**Exercise**: Beginning at the line that contains "大田区管理栄養士の方をお招き", output each line exactly through the end of the records, and drop any pictures.

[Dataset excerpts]
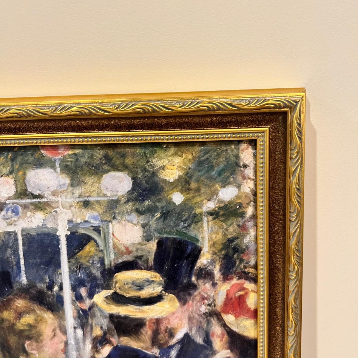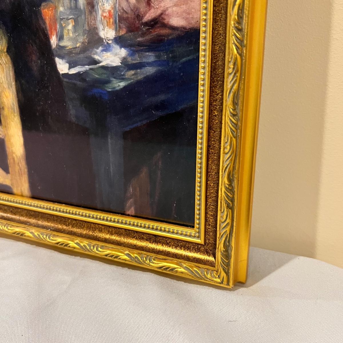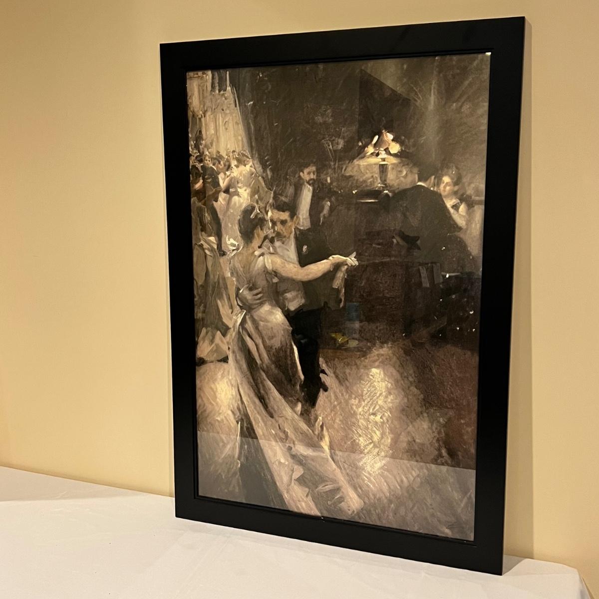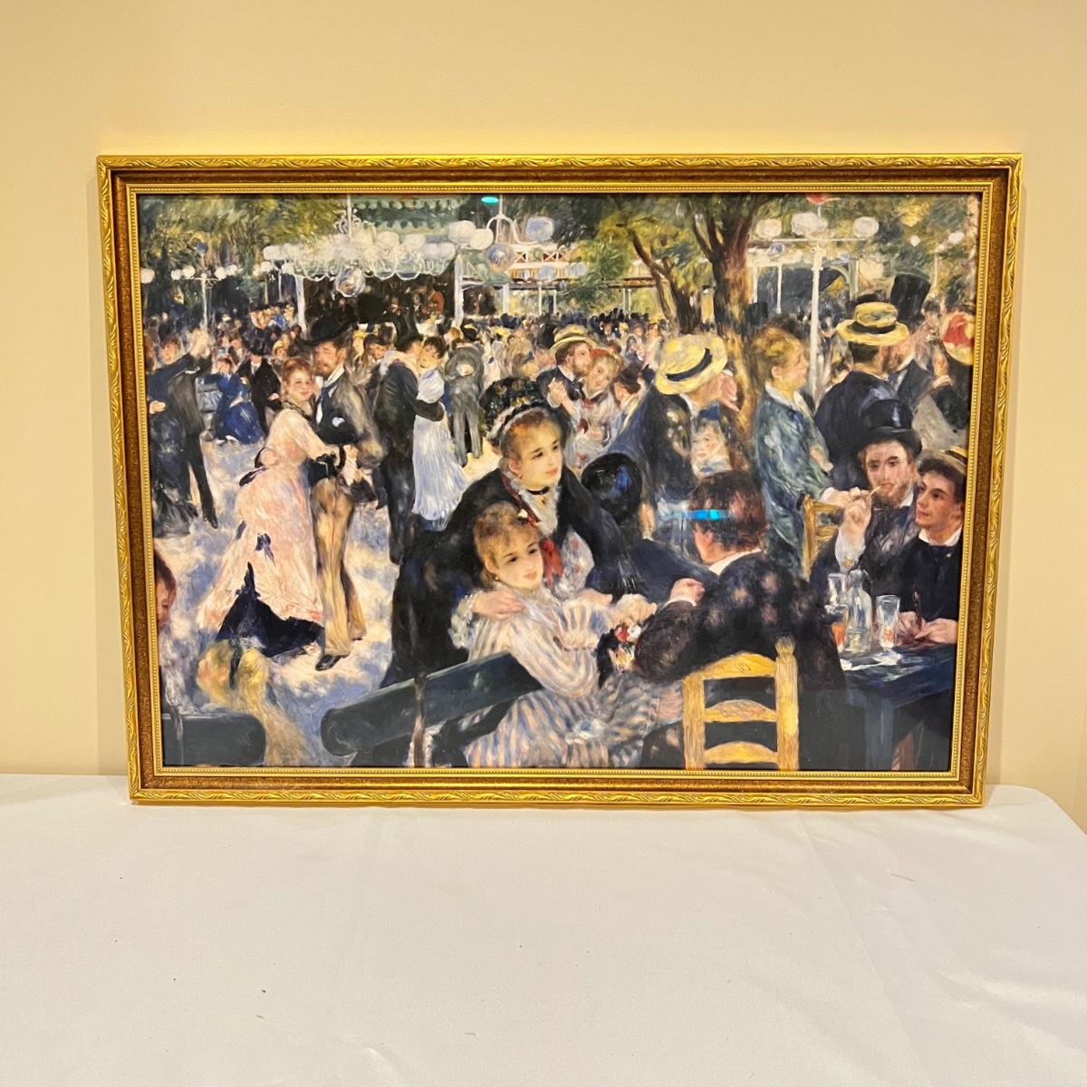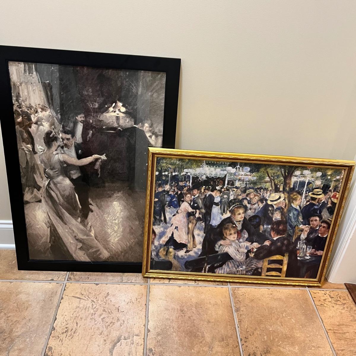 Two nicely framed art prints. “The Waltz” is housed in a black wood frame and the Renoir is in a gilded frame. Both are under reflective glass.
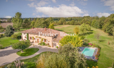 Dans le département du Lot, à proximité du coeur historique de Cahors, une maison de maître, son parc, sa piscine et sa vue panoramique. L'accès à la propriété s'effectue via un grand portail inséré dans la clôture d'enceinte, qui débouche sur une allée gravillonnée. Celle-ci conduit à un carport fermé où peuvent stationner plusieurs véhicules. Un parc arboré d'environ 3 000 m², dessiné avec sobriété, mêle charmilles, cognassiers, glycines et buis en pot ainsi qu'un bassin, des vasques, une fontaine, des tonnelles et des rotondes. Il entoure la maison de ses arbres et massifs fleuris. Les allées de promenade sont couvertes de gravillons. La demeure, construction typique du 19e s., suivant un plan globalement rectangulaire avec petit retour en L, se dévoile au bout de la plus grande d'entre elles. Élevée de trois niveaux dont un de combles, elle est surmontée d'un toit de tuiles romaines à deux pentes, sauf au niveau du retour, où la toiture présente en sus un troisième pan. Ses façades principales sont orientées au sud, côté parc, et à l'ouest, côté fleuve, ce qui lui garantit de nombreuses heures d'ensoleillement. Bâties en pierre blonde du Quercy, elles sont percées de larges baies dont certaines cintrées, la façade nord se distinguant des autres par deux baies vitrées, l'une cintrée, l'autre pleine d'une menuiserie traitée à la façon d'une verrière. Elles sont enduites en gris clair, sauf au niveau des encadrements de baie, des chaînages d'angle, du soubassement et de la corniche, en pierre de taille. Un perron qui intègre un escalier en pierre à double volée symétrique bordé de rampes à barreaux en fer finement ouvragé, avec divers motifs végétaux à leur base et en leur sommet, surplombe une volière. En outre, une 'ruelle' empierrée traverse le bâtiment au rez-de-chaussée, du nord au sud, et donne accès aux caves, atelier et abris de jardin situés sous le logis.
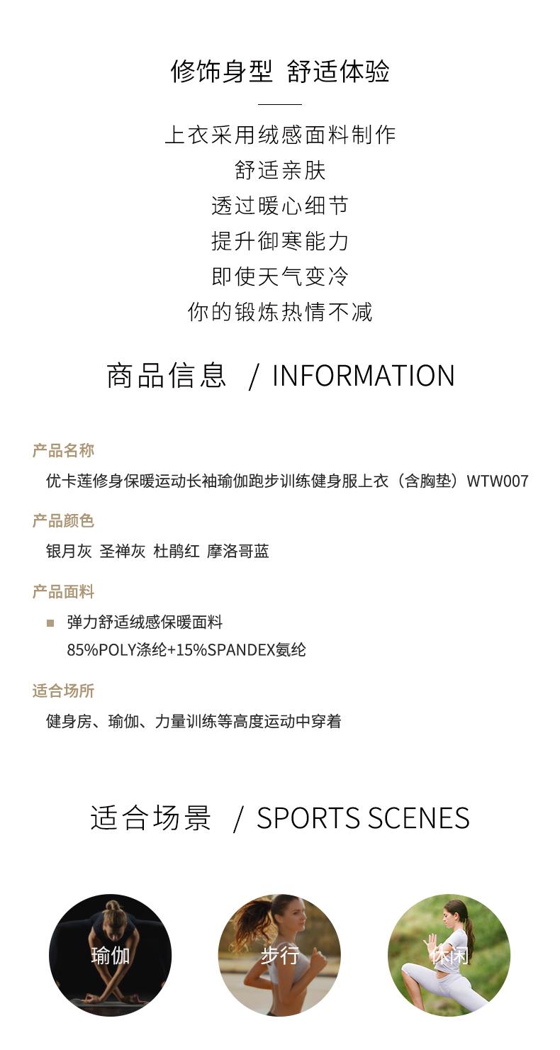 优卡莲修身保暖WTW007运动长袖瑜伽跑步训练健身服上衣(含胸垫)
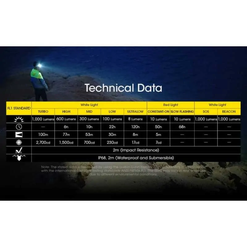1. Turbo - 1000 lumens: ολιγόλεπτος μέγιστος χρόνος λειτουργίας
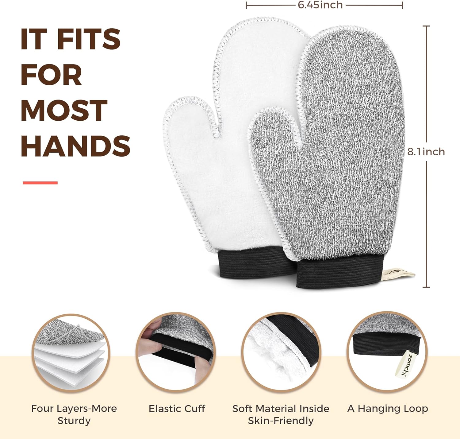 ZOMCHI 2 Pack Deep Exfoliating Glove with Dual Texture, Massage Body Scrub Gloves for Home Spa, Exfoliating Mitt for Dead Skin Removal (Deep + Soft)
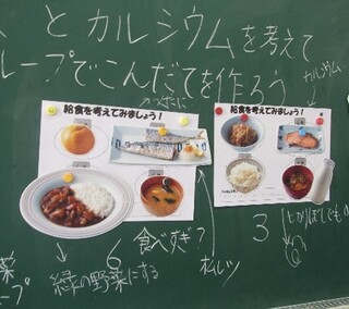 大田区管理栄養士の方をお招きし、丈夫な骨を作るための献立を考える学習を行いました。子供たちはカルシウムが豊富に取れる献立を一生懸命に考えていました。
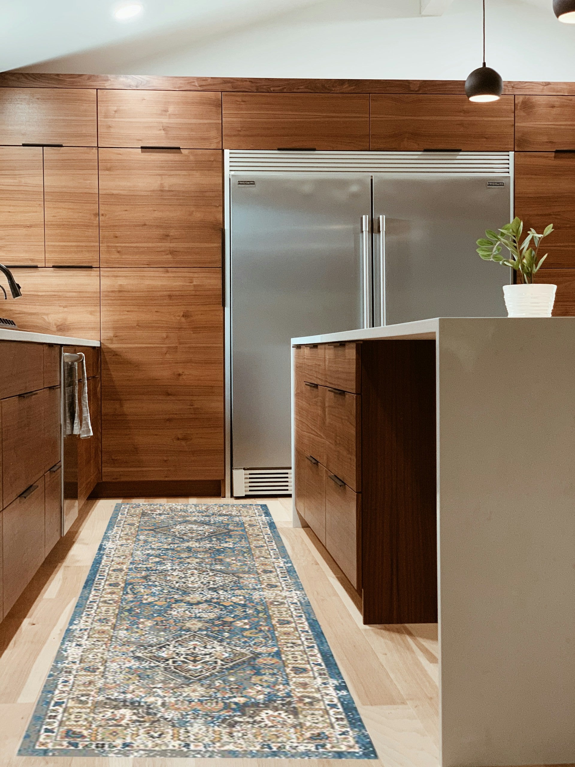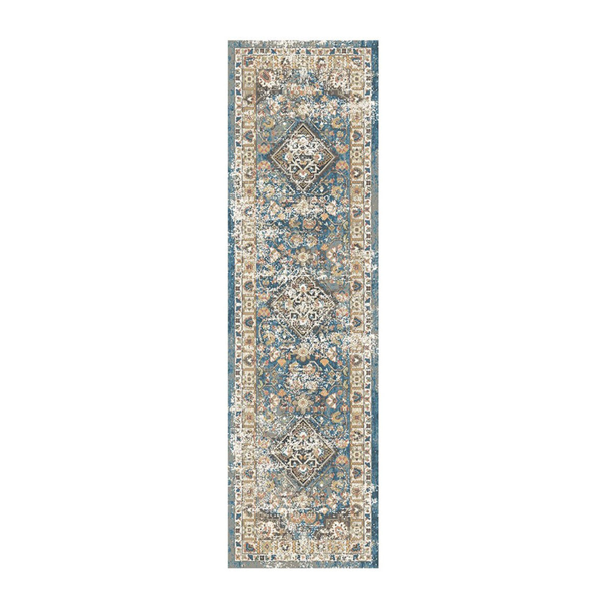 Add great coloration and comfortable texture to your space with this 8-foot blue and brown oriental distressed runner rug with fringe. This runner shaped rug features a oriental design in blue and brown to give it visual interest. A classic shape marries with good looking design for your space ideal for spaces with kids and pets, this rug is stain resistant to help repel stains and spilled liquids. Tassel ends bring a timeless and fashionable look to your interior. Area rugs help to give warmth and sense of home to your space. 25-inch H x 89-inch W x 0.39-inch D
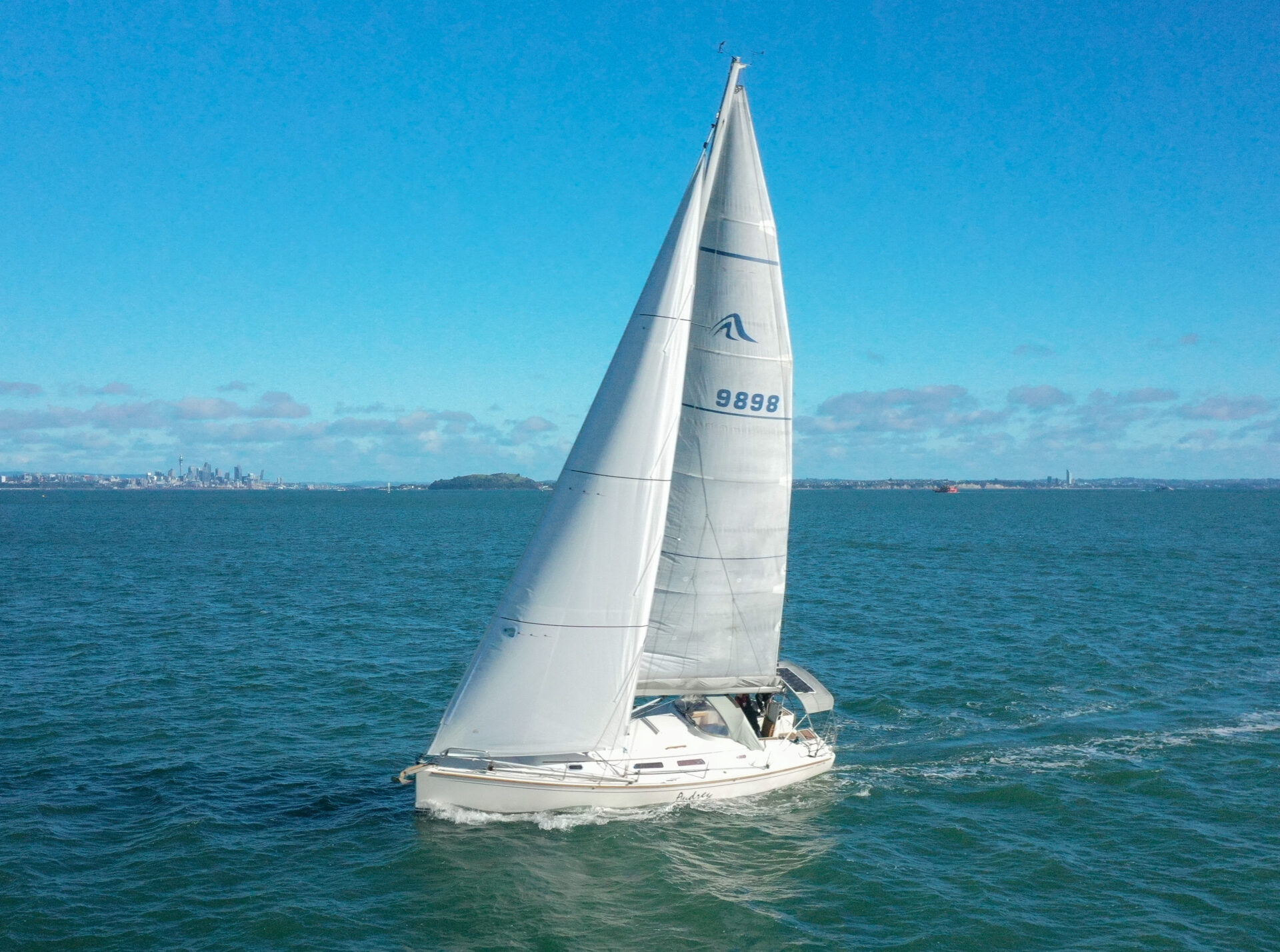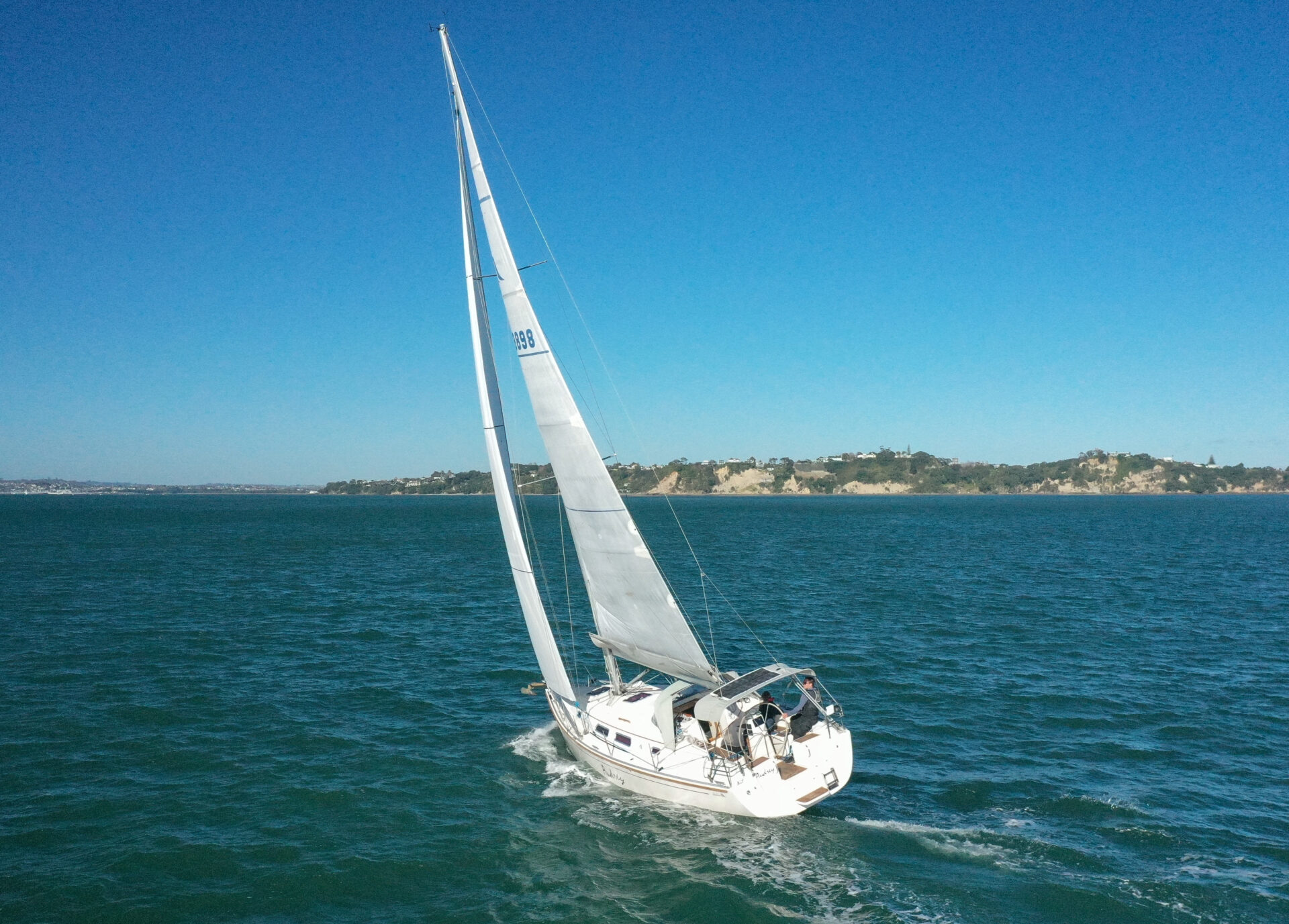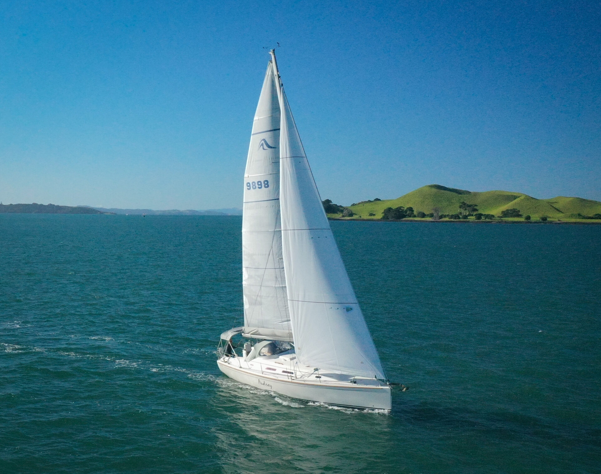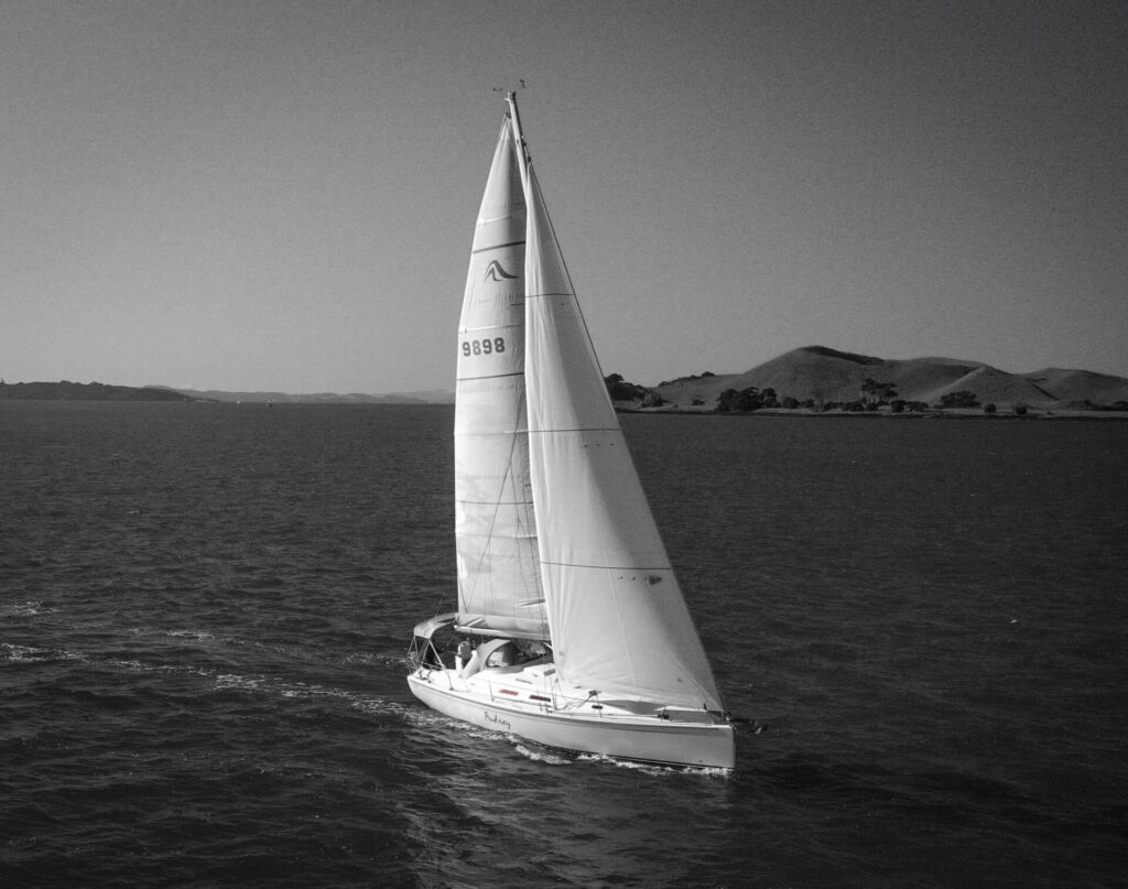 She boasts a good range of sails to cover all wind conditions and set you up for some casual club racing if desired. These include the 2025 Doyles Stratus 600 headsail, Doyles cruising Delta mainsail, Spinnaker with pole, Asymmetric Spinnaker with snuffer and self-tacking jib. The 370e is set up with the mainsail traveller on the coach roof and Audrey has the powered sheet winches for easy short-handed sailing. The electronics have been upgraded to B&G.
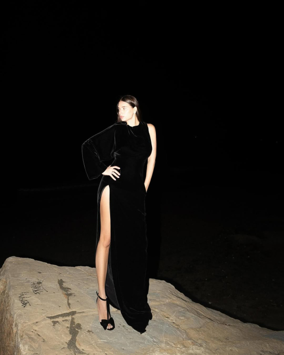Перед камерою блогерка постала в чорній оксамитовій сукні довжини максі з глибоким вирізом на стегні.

**Response area**:
 大田区管理栄養士の方をお招きし、丈夫な骨を作るための献立を考える学習を行いました。子供たちはカルシウムが豊富に取れる献立を一生懸命に考えていました。
 Add great coloration and comfortable texture to your space with this 8-foot blue and brown oriental distressed runner rug with fringe. This runner shaped rug features a oriental design in blue and brown to give it visual interest. A classic shape marries with good looking design for your space ideal for spaces with kids and pets, this rug is stain resistant to help repel stains and spilled liquids. Tassel ends bring a timeless and fashionable look to your interior. Area rugs help to give warmth and sense of home to your space. 25-inch H x 89-inch W x 0.39-inch D
 She boasts a good range of sails to cover all wind conditions and set you up for some casual club racing if desired. These include the 2025 Doyles Stratus 600 headsail, Doyles cruising Delta mainsail, Spinnaker with pole, Asymmetric Spinnaker with snuffer and self-tacking jib. The 370e is set up with the mainsail traveller on the coach roof and Audrey has the powered sheet winches for easy short-handed sailing. The electronics have been upgraded to B&G.
Перед камерою блогерка постала в чорній оксамитовій сукні довжини максі з глибоким вирізом на стегні.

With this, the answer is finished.